Блондин не унимался:

— Скольких ты расстрелял, чекистская собака?

— Господин председатель, если этот милостивый блондин не перестанет меня прерывать, я потеряю нить. Я только хотел перейти к положению на родине, как он уже констатирует, что я собака. И потом нельзя приставать с глупыми вопросами. При чем тут выстрелы? Я ие стрелок. Я портной. Но если этот молодняк грозит разбить мне морду, я скажу, что я уже расстрелял все семь тысяч. Я стоял и стрелял из пулемета, а они, конечно, падали, и в них вонзались ужасные пули, и они кричали, «что это за шутки, чекистская собака? Если ты не перестанешь нас расстреливать из пушек, мы сейчас же позовем милицейского». Но я был глух к этим воплям сирот. Я расстрелял Пфейфера в моих же артистических брюках. Теперь вы довольны? Я перехожу к текущему моменту. О факте с Каргополем вы уже знаете из газет, а вообще я не учился стройной географии. Зачем настаивать на деталях, когда мы должны считаться с каким-то метро? Достаточно сказать, что вся матушка-Россия ждет вас без дыхания. Вас так ждут, что когда звонят, например, почтальон или, хуже того, постыдная прачка, все ошибаются и бегут с анютиными глазками навстречу, и потом они плачут, что вместо белого коня неприличные кальсоны.. А поступь? Об этом же нельзя говорить без крупных слез. Идет, скажем, по лестнице Ткаченко. а Борис Самойлович уже шепчет мне: «ты слышишь эту поступь?» Я только одного не понимаю: почему вы не приходите? Нельзя так играть с человеческимъ терпением! Я, например, был верен Фени Гершанович, хоть она и чирикала с Шацманом. Но сколько я мог ждать при своем телосложении? Я ждал и ждал, а потом я увидел Нюсю, и все полетело прахом с табуретки. По-моему, вам уже надо двигаться, сначала на это беспощадное метро, а потом к самой матушке.

Молодые люди, покинув свои места, столпились вокруг эстрады.

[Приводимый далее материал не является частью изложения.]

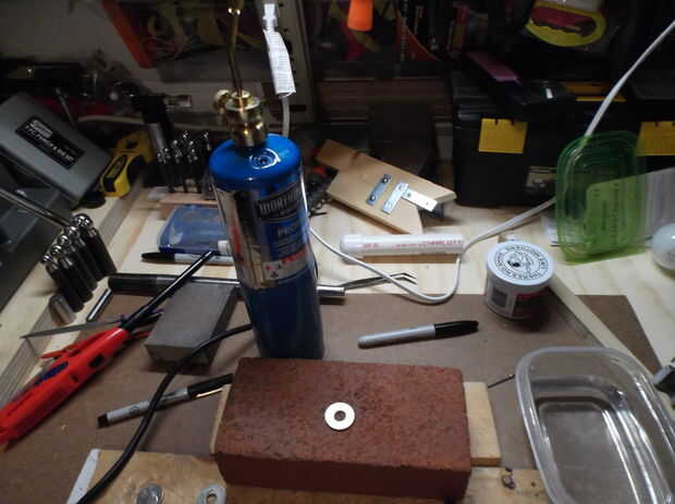 La moneda debe ser "trabajado" en un anillo. Este es un proceso muy manual donde usted martilla en forma. Para hacer esto más fácil es necesario ablandar el metal. Esta parte del proceso se llama recocido. Necesitas un soplete, recogí minas en Autozone por $20. Vino con la punta y una lata de gas. No pasé el dinero extra en una ignitior como se puede usar un encendedor doméstico.
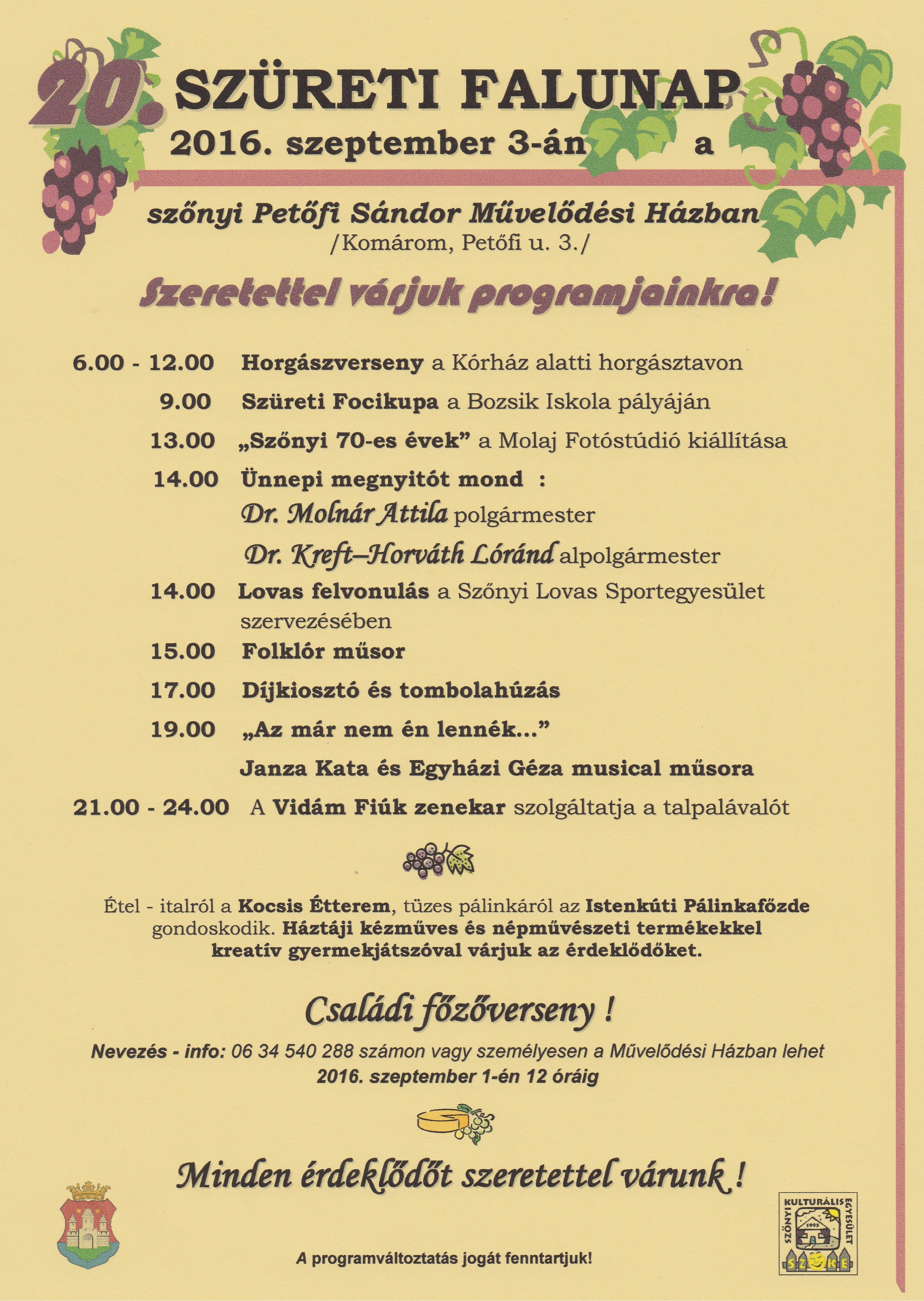 Ismét színes programokkal várja a komáromiakat a szüreti szőnyi falunap. 2016. szeptember 3. szombat, 13.00 óra, Petőfi Sándor Művelődési Ház.

— Позор!… Что за ерунда… Как он смеет, пархатый?.. Мы его проучим!..

— Дайте оратору возможность закончить свой доклад, — взывал председатель.

— Долой! К чорту!…

Звонок отчаянно дребезжал. Лазик прикрыл лицо руками.

— Вы хотите, чтоб я закончил? Я уже закончил. Что? Надо еще говорить? Хорошо, я попробую. Я скажу еще о национальном передвижении. Большевики, конечно, пломбированные изменники, потому что нельзя пропускать такой хорошей оказии. Им не дают иностранных кредитов? Значит, они не умеют разговаривать. Но здесь живет ваш удивительный корпус, и я теперь знаю, как поступать. В одной партии могут быть две фракции, или даже десять фракций. Это бывает и в Гомеле. Главное, чтобы все сразу подымали руки. Тогда получается железная дисциплина. В чем различие, скажем, между Игнатом Александровичем и Василием Андреевичем? Один ходит к румынам и сует им Бессарабию, а другой получает чеки от килек. Но можно же пойти и к румынам и к килькам. Это вопрос ног. А в Париже, как я вижу, на тридцать серебреников не проживешь, раз в этом «Гареме» бешеный беф-строганов. Я молю вас, отодвиньте ваш кулак! Я уже вношу конкретное предложение: если, например, взять в узелок Москву и отнести ее… При чем тут ваши руки? И если вы должны обязательно меня бить, то бейте сзади, чтоб я хоть не видел кровавых следов. Караул! Вы опоздаете на метро!..

Вдруг счастливая мысль осенила Лазика. Быстро схватил он со стола графин и стал поливать публику. Когда же кончилась вода, он метнул в зал графин, стакан, звонок. На шум пришел сторож.

— Господа, помещение снято до двенадцати. Будьте любезны немедленно разойтись!

Лазик первый подчинился его приказанию. Быстро нырнул он в дверь.

Но сейчас же голова его вновь показалась:

— Милостивый председатель, а где ваш чистый сбор на два-три голодных бутерброда?